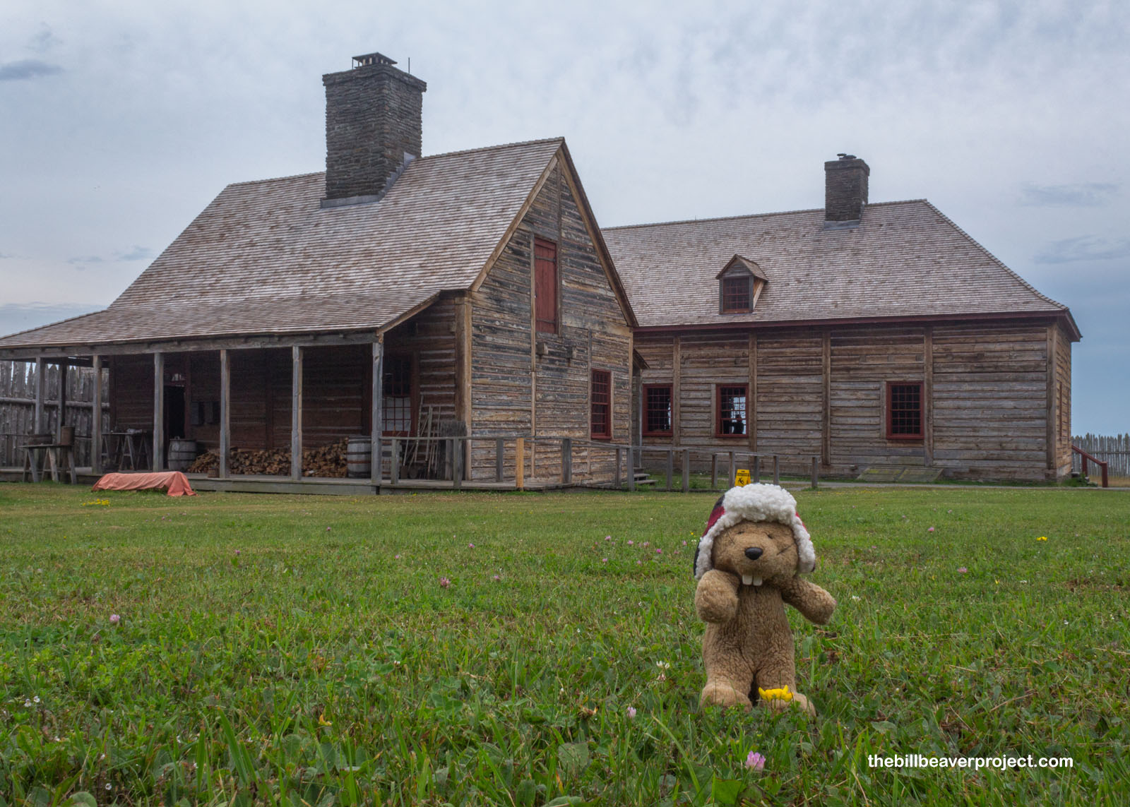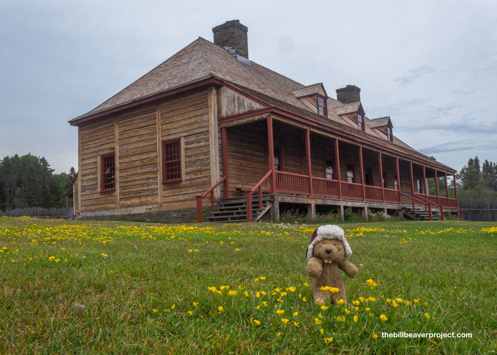 The Great Hall was originally built in 1780, a place for North West shareholders to meet and for hosting social events like the annual summer rendezvous in what was then a very remote place! Its foundation was rediscovered by archeologist, Ralph Brown, in 1937, and it was reconstructed by 1940 with lots of inaccurate parts, like a sandwich shop! That building burned down in a lightning storm in 1969 and was rebuilt again in 1973 with no sandwich shop but an authentic post-on-sill (pieces-sur-pieces) style!
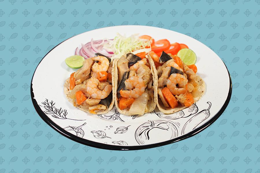 200 GM, DELICIOSA MANTA CON CAMARÓN, SERVIDA CON VERDURA, TORTILLAS O TOTOPOS.
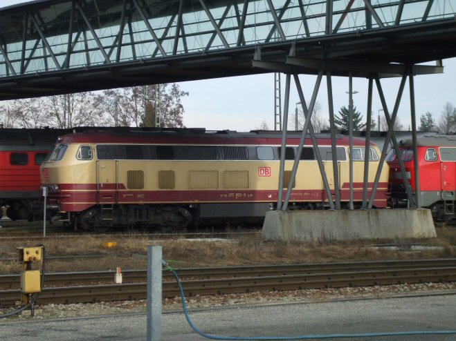 Im Bw Mühldorf steht dann 217 002-5 unter der Brücke...
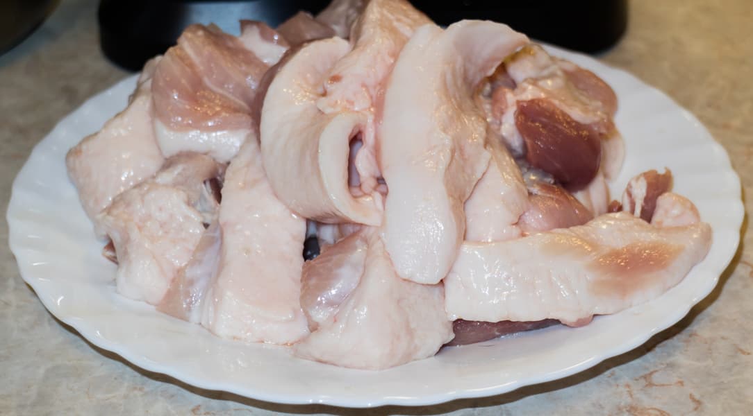Подготовили свинину — помыли и нарезали на куски подходящего размера.
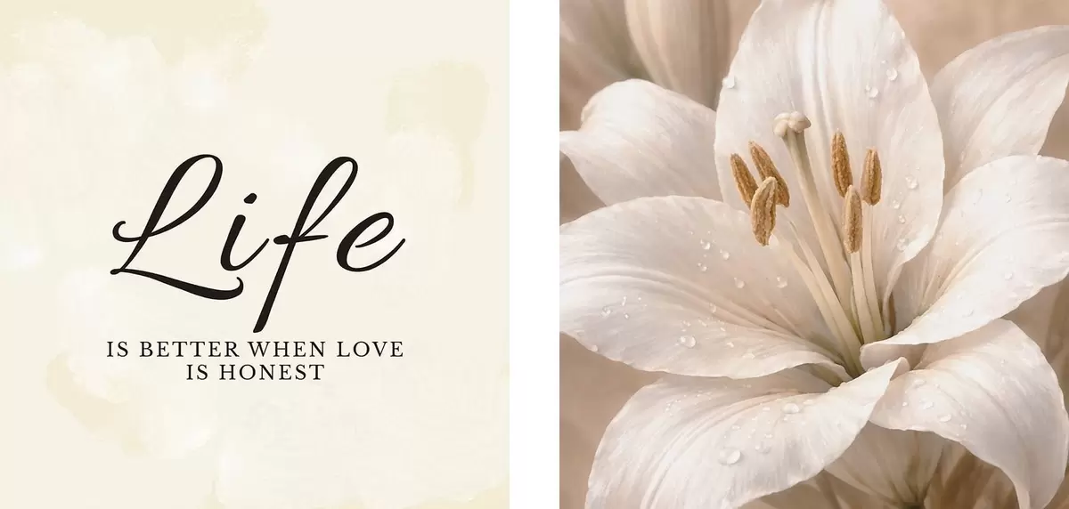Wandbilder Diptychon mit „Life“-Schriftzug und Nahaufnahme einer weißen Blume m30237
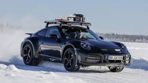 This Porsche 911 Dakar has a rugged off-road design. It is a four-wheel drive with a twin-turbo and an eight-speed automatic gearbox.
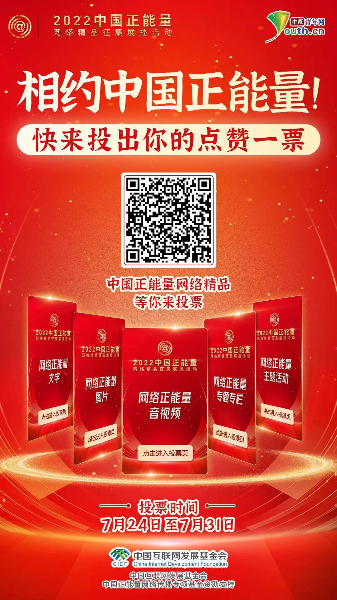 2022中國正能量網(wǎng)絡(luò)精品征集展播活動啟動網(wǎng)絡(luò)展播投票。約1100件作品從報送作品中脫穎而出進(jìn)入終選,它們謳歌偉大時代、樹立中國榜樣、點贊砥礪足音,營造清朗的網(wǎng)絡(luò)空間。網(wǎng)絡(luò)展播投票已接近尾聲,邀請廣大網(wǎng)友在線投出點贊一票,于正能量作品中汲取澎湃動能。(潘曉文 朱鈞有)
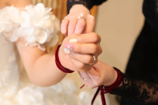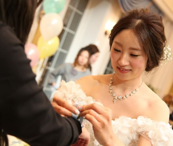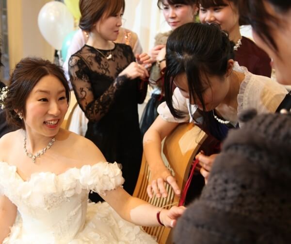 想いを込めて作ったリストブーケを一つずつ結んでいき、
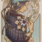 #第5回twstミュシャ企画 #twstファンアート 橙さんの企画にアリア一ブ・ナ一リヤの🐍で参加させていただきました!『桜草』のオマージュです☺️ 上記のタグから素敵な作品が沢山見られますので是非どうぞ✨ ※縦長タップ推奨です
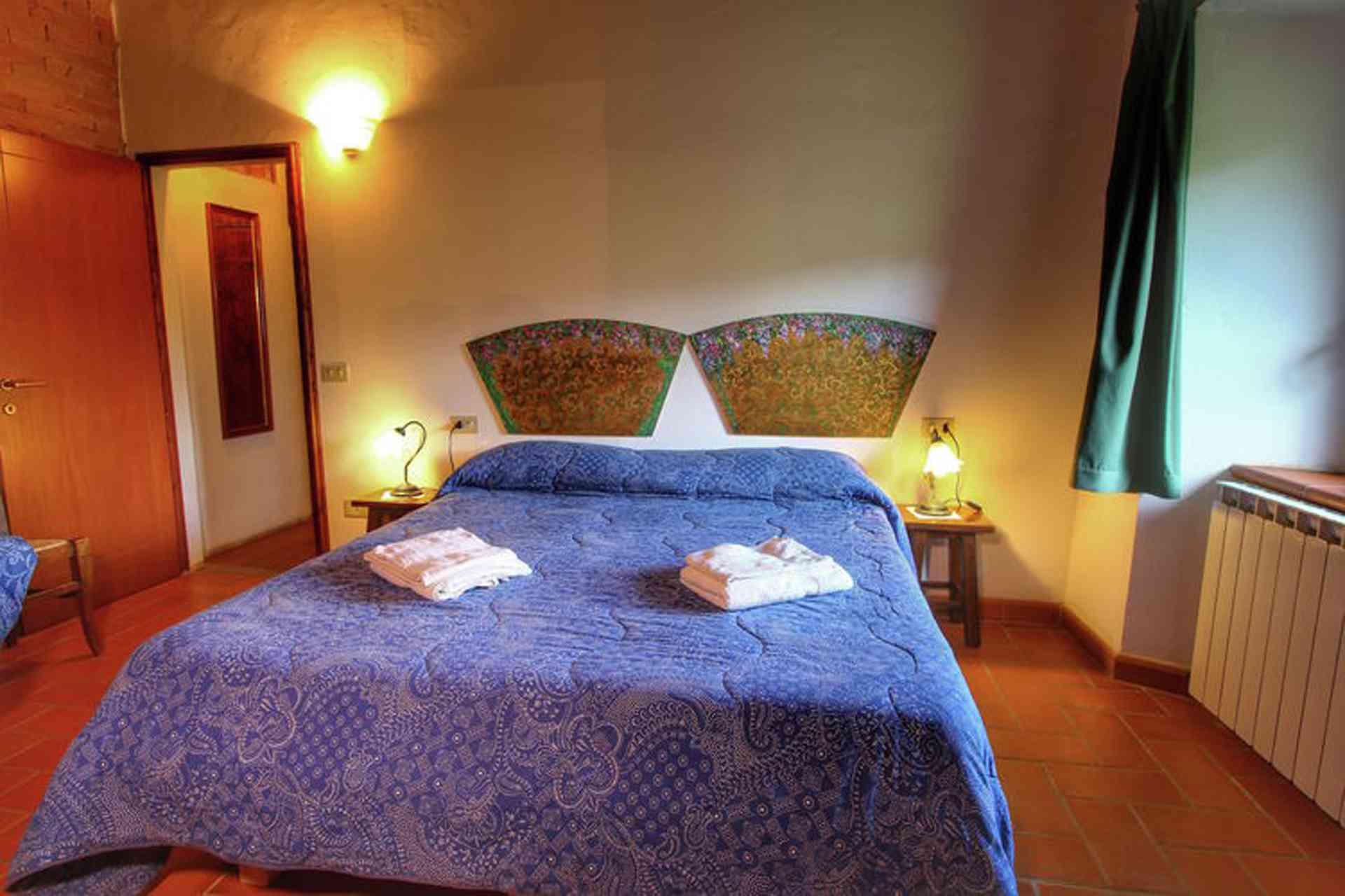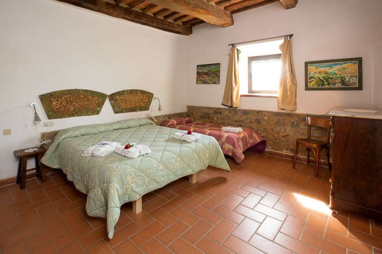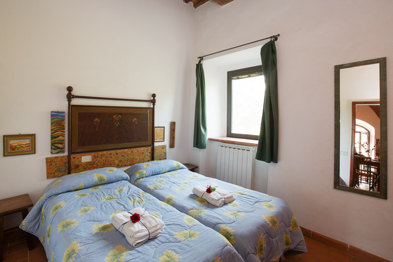A staircase leads to the first floor, which features a full bathroom (with shower) and two bedrooms, from which you can admire beautiful views of Montalcino.

_ _ _ _ _

> **DIRECTIONS**:
How would the lines above read from the one with "Подготовили свинину —" to the one with "This Porsche 911", inclusive, with no pictures? Write them out exactly.

> **PROBLEM SOLUTION**:
Подготовили свинину — помыли и нарезали на куски подходящего размера.
Wandbilder Diptychon mit „Life“-Schriftzug und Nahaufnahme einer weißen Blume m30237
 This Porsche 911 Dakar has a rugged off-road design. It is a four-wheel drive with a twin-turbo and an eight-speed automatic gearbox.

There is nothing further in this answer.